All proposed architectures have some properties in common: they all use unordered storage for the vectors involved (motivated by [9]); the control is micro-coded for simplicity, whereas hard-wired control logic would give equal performance and be more logical; and all architectures are proposed without a cache. An additional proposal for a cache has been made in this paper, but no performance data is available yet about this part. Because this cache is capable of handling a matrix on a element-by-element, the main goal of the hardware architectures as described in this paper is to handle vectors efficiently, i.e., read-, extract-, or insert-operations of a row or column can be done at a fixed rate of 1 element per 1 up to 4 memory cycles.

This paper is organized as follows. The first two architectures (based on *vector storage* design) presented in Section 3 treat a matrix as an array of sparse vectors. Consequently, only row-wise (or only column-wise) operations can be dealt with. The main advantage of *vector storage* design is the relatively low overhead in terms of hardware and memory quantity. The architectures presented in Section 4 are based on *matrix storage* design and implement a matrix using a complicated storage scheme.

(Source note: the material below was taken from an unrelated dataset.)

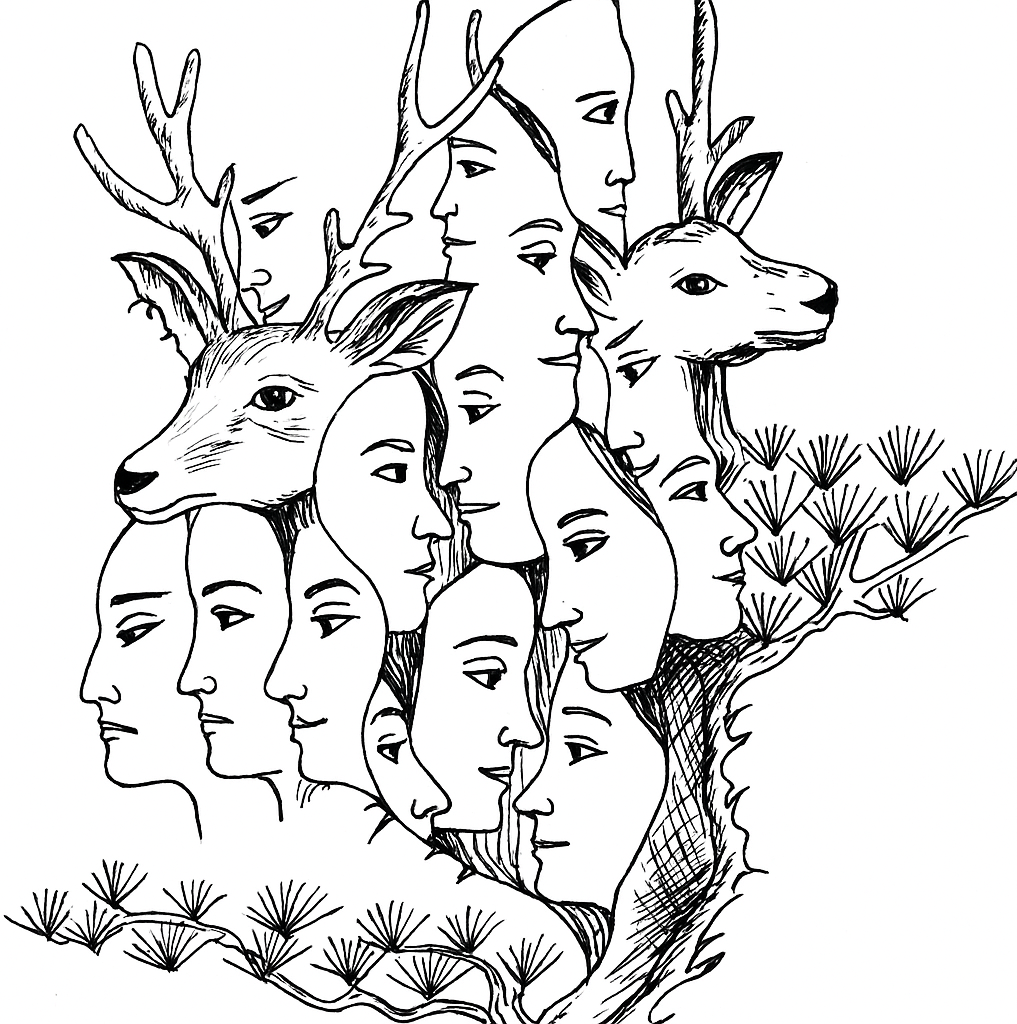- Are the faces part of the deer, or are the deer emerging from the faces?

This requires a more complex hardware design and increases the required amount of memory, but integrates both row-wise and column-wise read, extraction, and insertion.

The behaviour of the memory architecture for an example, sparse matrix vector multiply, is shown in section 5, and a comparison with Some possible ways for integration in an existing computing environment are discussed in section 6. A proposal for a cache, and the example of a saxpy operation, is discussed in Section 7. Finally, we state some conclusions in Section 8.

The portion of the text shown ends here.